Compiler – Procedure for Statically Type Checking Complex Expressions

compilerlanguage-agnostictypetype-systems

Note: When I used "complex" in the title, I mean that the expression has many operators and operands. Not that the expression itself is complex.


I've recently been working on a simple compiler to x86-64 assembly. I've finished the compiler's main front end – the lexer and parser – and am now able to generate an Abstract Syntax Tree representation of my program. And since my language will be statically typed, I am now doing the next phase: type checking the source code. However, I've come to a problem and have not been able to reasonably solve it myself.
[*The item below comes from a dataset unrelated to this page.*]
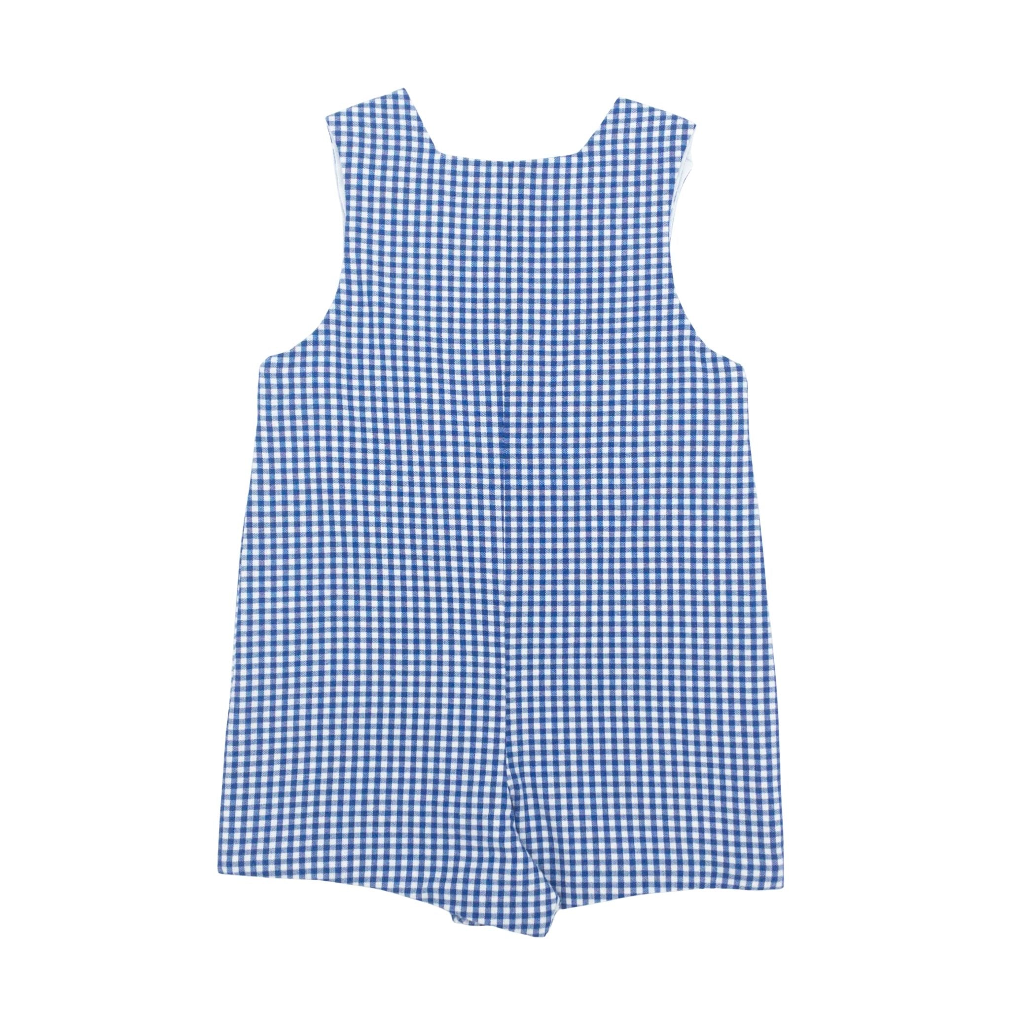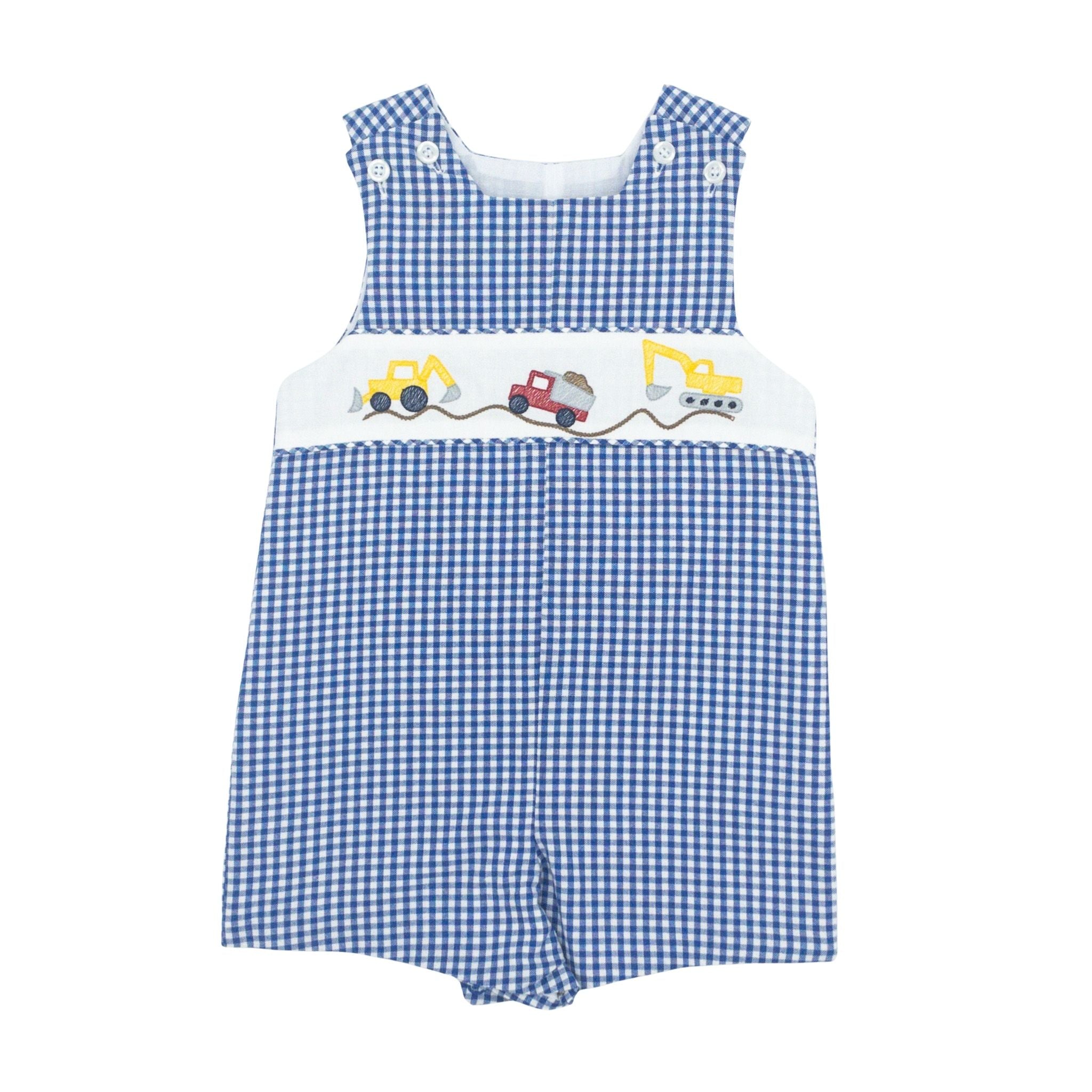 Introduce your little builder to the Lil Diggers shortall, where construction fun meets adorable style. This charming blue gingham piece features detailed embroidery of a backhoe, dump truck, and excavator—perfect for the pint-sized equipment enthusiast. Comfortable and durable, it's ideal for playtime or everyday wear. Watch him dig into adventure in this delightful shortall!

Consider the following example:

My compiler's parser has read this line of code:

int a = 1 + 2 - 3 * 4 - 5

And converted it to the following AST:

       =
     /   \
  a(int)  \
           -
         /   \
        -     5
      /   \
     +     *
    / \   / \
   1   2 3   4

Now it must type check the AST. it starts by first type checking the = operator. It first checks the left hand side of the operator. It sees that the variable a is declared as an integer. So it must now verify that the right hand side expression evaluates to an integer.

I understand how this could be done if the expression was just a single value, such as 1 or 'a'. But how would this be done for expressions with multiple values and operands – a complex expression – such as the one above? To correctly determine the value of the expression, it seems like the type checker would actual have to execute the expression itself and record the result. But this obviously seems to defeat the purpose of separating the compilation and execution phases.

The only other way I imagine this could be done is to recursively check the leaf of each subexpression in the AST and verify all of the leaf's types match the expected operator type. So starting with the = operator, the type checker would then scan all of the left hand side's AST and verify that the leafs are all integers. It would then repeat this for each operator in the subexpression.

I've tried researching the topic in my copy of "The Dragon Book", but it doesn't seem go in to much detail, and simply reiterates what I already know.

What is the usual method used when a compiler is type checking expressions with many operators and operands? Are any of the methods I mentioned above used? If not, what are the methods and how exactly would they work?

Best Answer

Recursion is the answer, but you descend into each subtree before handling the operation:

int a = 1 + 2 - 3 * 4 - 5

to tree form:

(assign (a) (sub (sub (add (1) (2)) (mul (3) (4))) (5))

Inferring the type happens by first walking the left hand side, then the right hand side, and then handling the operator as soon as the operands' types are inferred:

(assign*(a) (sub (sub (add (1) (2)) (mul (3) (4))) (5))

-> descend into lhs

(assign (a*) (sub (sub (add (1) (2)) (mul (3) (4))) (5))

-> infer a. a is known to be int. We're back in the assign node now:

(assign (int:a)*(sub (sub (add (1) (2)) (mul (3) (4))) (5))

-> descend into rhs, then into the lhs of the inner operators until we hit something interesting

(assign (int:a) (sub*(sub (add (1) (2)) (mul (3) (4))) (5))
(assign (int:a) (sub (sub*(add (1) (2)) (mul (3) (4))) (5))
(assign (int:a) (sub (sub (add*(1) (2)) (mul (3) (4))) (5))
(assign (int:a) (sub (sub (add (1*) (2)) (mul (3) (4))) (5))

-> infer the type of 1, which is int, and return to the parent

(assign (int:a) (sub (sub (add (int:1)*(2)) (mul (3) (4))) (5))

-> go into the rhs

(assign (int:a) (sub (sub (add (int:1) (2*)) (mul (3) (4))) (5))

-> infer the type of 2, which is int, and return to the parent

(assign (int:a) (sub (sub (add (int:1) (int:2)*) (mul (3) (4))) (5))

-> infer the type of add(int, int), which is int, and return to the parent

(assign (int:a) (sub (sub (int:add (int:1) (int:2))*(mul (3) (4))) (5))

-> descend into the rhs

(assign (int:a) (sub (sub (int:add (int:1) (int:2)) (mul*(3) (4))) (5))

etc., until you end up with

(assign (int:a) (int:sub (int:sub (int:add (int:1) (int:2)) (int:mul (int:3) (int:4))) (int:5))*

Whether the assignment itself is also an expression with a type depends on your language.

The important takeaway: to determine the type of any operator node in the tree, you only have to look at its immediate children, which need to have a type assigned to them already.